Assigned task:
From the records below, set down exactly the lines starting with the line that contains "4、裁剪完成后会呈现视频的保" and going on through the line that contains "Grunge Punk Front". Nothing else is wanted.

Entries shown:
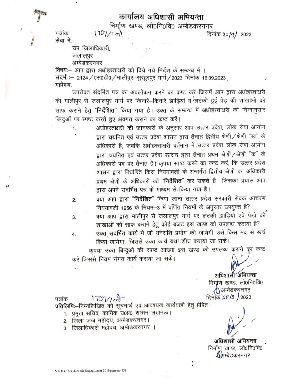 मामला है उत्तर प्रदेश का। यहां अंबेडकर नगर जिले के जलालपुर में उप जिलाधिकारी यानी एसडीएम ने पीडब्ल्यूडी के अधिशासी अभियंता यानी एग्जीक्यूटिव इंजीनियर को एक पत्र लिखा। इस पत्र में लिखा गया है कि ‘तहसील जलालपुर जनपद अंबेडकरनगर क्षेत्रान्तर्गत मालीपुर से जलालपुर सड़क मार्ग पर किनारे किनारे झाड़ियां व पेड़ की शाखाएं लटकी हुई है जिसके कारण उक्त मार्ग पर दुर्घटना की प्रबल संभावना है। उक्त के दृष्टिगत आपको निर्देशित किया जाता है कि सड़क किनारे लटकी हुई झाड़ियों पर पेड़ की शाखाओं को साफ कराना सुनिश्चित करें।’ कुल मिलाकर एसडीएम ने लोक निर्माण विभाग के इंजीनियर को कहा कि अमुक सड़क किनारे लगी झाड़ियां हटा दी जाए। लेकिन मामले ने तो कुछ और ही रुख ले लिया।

--

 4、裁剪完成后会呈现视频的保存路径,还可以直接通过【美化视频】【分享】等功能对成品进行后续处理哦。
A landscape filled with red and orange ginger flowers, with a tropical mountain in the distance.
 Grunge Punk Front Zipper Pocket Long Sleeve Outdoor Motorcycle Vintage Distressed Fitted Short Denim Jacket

Response area:
 4、裁剪完成后会呈现视频的保存路径,还可以直接通过【美化视频】【分享】等功能对成品进行后续处理哦。
A landscape filled with red and orange ginger flowers, with a tropical mountain in the distance.
 Grunge Punk Front Zipper Pocket Long Sleeve Outdoor Motorcycle Vintage Distressed Fitted Short Denim Jacket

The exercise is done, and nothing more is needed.